Love You……

 A few weeks ago, I shared a post on Facebook. It had to do with missing people when they’re gone. I commented “… and I do miss him”. A former co-worker emailed me, sounding quite distressed that I seemed sad. What was going on? I explained to her that it was a rough year and that K had passed away only a few weeks ago. I thought it was quite appropriate for me to be sad and I was doing alright. She replied that she hadn’t known of K’s passing and extended her condolences. Then I noticed, beneath the post that had caused the fuss, she had posted, “… I love you”. I can not express how much this simple message lifted my spirits.

 One of the things I miss most about K, is that he never let a day go by without saying I love you. I remember one evening when K dropped me off at work for the night shift, I was in a foul mood. I don’t remember what the argument was about, or what heinous atrocity he had committed, But I left the car without saying “love you”. It was one of the worst nights of my life and I told K so the next day.

 Over the past year and a half, I have received the most wonderful support from friends and family. Many times I have heard the words, “I love you”. They never cease to lift my spirits. I am sure that science has some wonderful explanation, involving serotonin receptors and whatever. It doesn’t matter. It is what it is, simply wonderful.


Life Beyond…..


  There comes a point in this journey, when things become too real. It’s during that time that it becomes too painful to write. Perhaps a better writer than myself could channel that pain and turn it into something great. Not me. In fact, there was a point when I thought I may never write another chapter in this blog. It was too personal.

  That long dreaded day has now come and passed. It was rough, much harder than I would have ever imagined. It’s an experience I don’t recommend. If you can get past the deep seated guilt that comes from having failed your loved one, then just be present.

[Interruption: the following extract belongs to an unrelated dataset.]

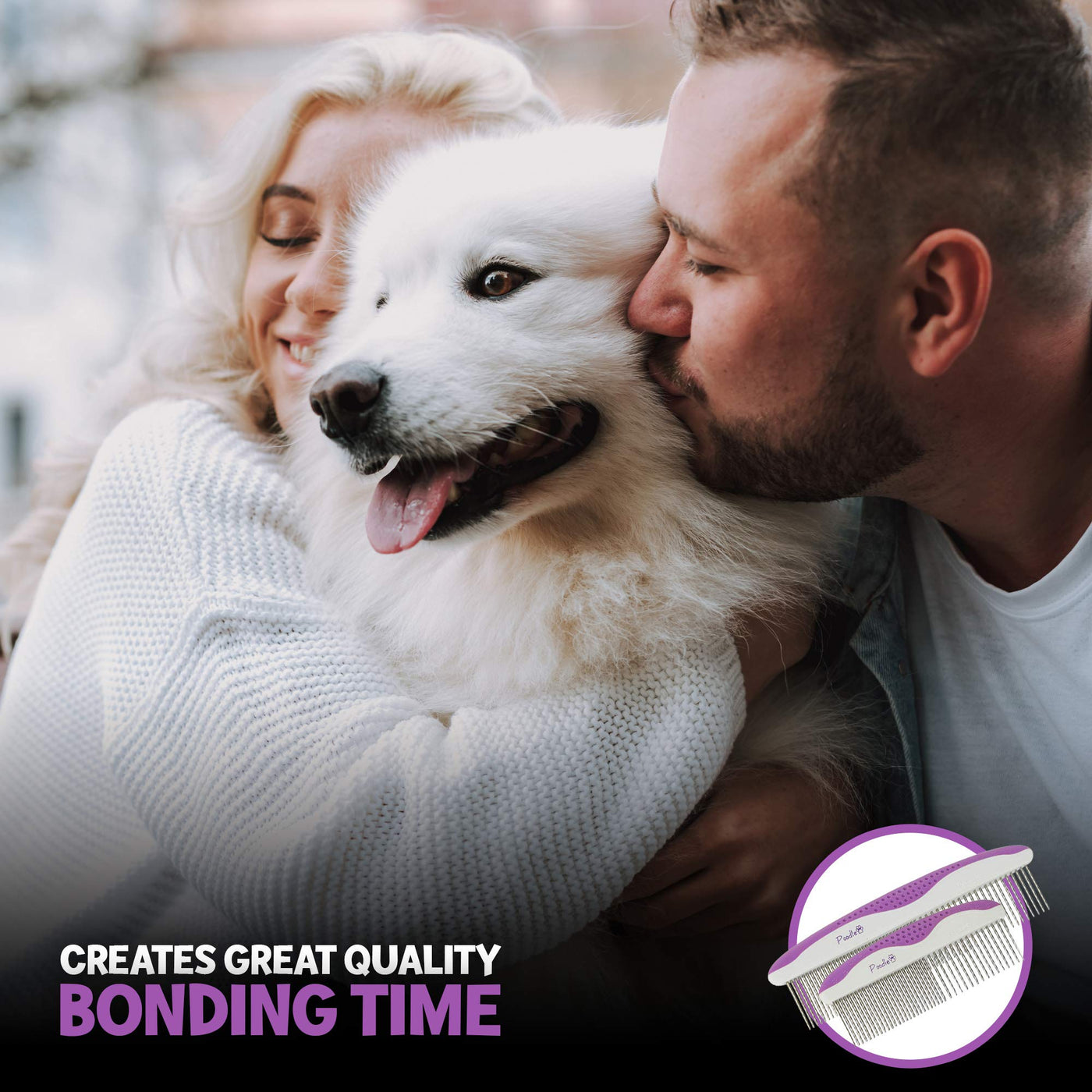 Poodle Pet Dog Combs For Grooming | 2 Pack | Stainless Steel Teeth Easily Remove Dirt | Proper Care Prevents Knots And Mats For Long And Short Haired Pets |Anti-Slip Comfort Grip Handle| Purple

  There was so much I didn’t understand about the process of dying. During the final two weeks, I would spend hours sitting with him, talking to him and helping with his care. My questions were now being met with a nod or a dismissive shrug. He no longer greeted me with his usual happy greeting, “Hey there you are”.  I could accept that the tumor was preventing him from talking to me, but then one of his favorite staff people would enter the room and speak to him.  He would look at them, suddenly his face would brighten up and he would say “Oh hi there”.  I would tell them that he wasn’t talking to me at all. Some of them thought I was joking. One nurse asked if I was being silly, I assured her I wasn’t.  All of them thought I had been given the pamphlet about what to expect. I hadn’t. If I had, I would have known that dying takes energy. As his body dealt with all the changes that took place, it was normal for him to distance himself from his loved ones.

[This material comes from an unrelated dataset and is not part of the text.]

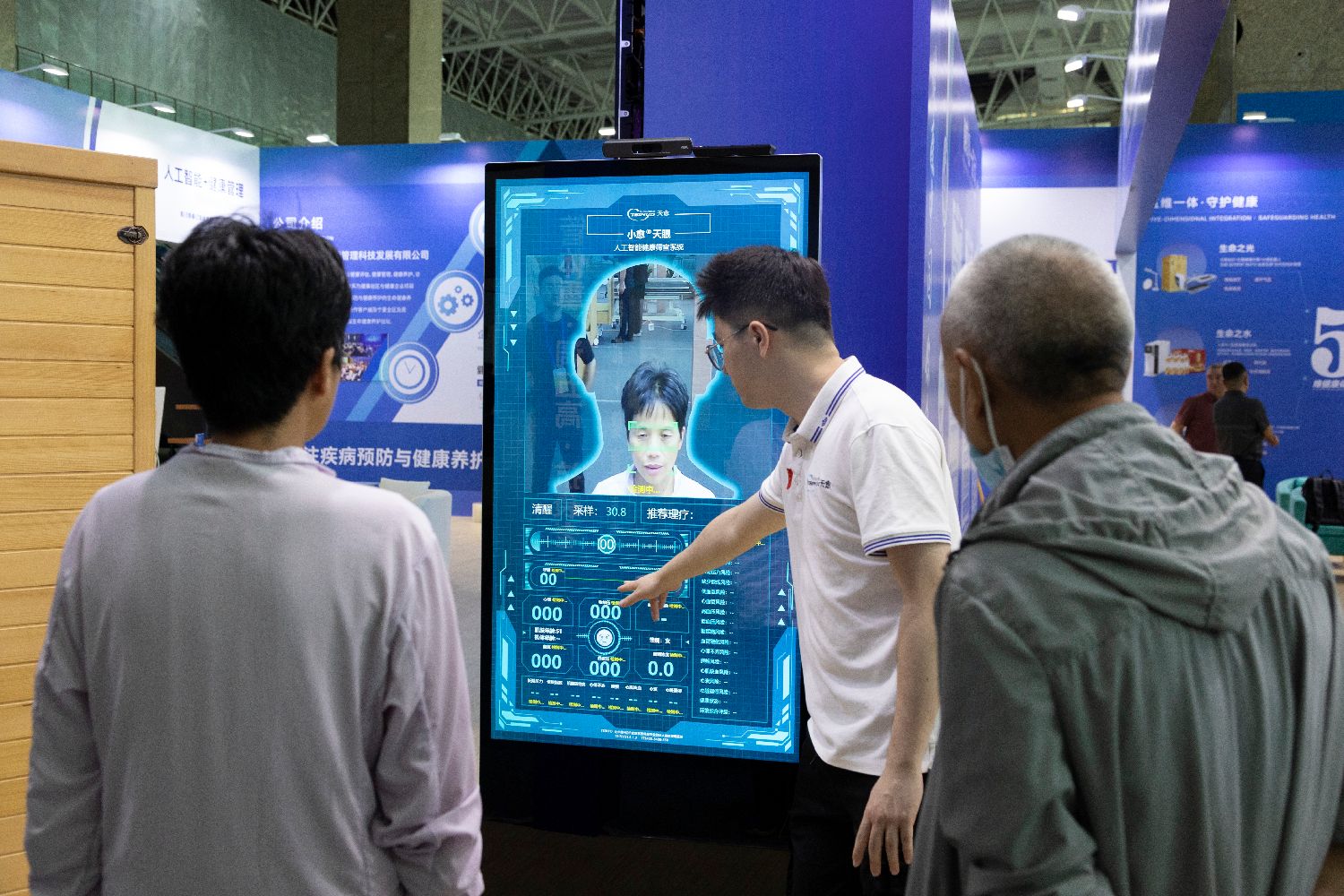 在人工智能健康筛查系统前站立90秒后,包含机体年龄、心率、血压等在内的多项指标一键生成。系统显示,65岁的李女士健康状态综合评分为85分,总体良好但存在高血压风险。这让李女士感到惊奇:“我确实有高血压,没想到测得这么准。”

  One afternoon, I sat with him as he slept. He moaned and twitched throughout my visit. At suppertime he clenched his teeth, refusing even his favorite frozen yogurt.  I asked the nurses to medicate him for pain and settled him to sleep before leaving. I didn’t realize that I would never see his eyes open again.  The moaning and twitching continued through the night. In the morning he was started on a continuous infusion of medications to control his pain and ease his breathing.

  I then began a new learning process. I learned the difference between just sleeping and comatose; just sleeping and beginning to die. His doctor and nurses pointed out the very subtle details that they noticed. While his breathing was regular, it was almost mechanical, as if a ventilator was breathing for him. His doctor explained that he no longer had any conscious control of his breathing. Now he was breathing simply because his brain stem continued to keep him going.  I called the family in. He was given a few hours to a few days. The kids arrived. He continued to breath comfortably and easily. As one nurse commented, when your family is around you, sharing stories and getting along, who would want to go?

  I stopped going home. Sitting and sleeping at his bedside. Watching and listening to him breathe.  As his breath became labored and his colour turned dusky, I found myself sitting with my fingers on his wrist. He was having periods of Cheyne-Stokes breathing; alarming periods of not breathing and becoming duskier by the moment, or so it seemed. I decided it was time to turn off my nurse brain and just be a wife. I had him medicated again and his breathing became quieter, more shallow and his colour remained horrible. His nurse agreed with me that he would most likely not make it through the night. The family was called back in; just a few hours after going home.  Once they were back around him, his breathing eased, becoming more normal and his colour improved.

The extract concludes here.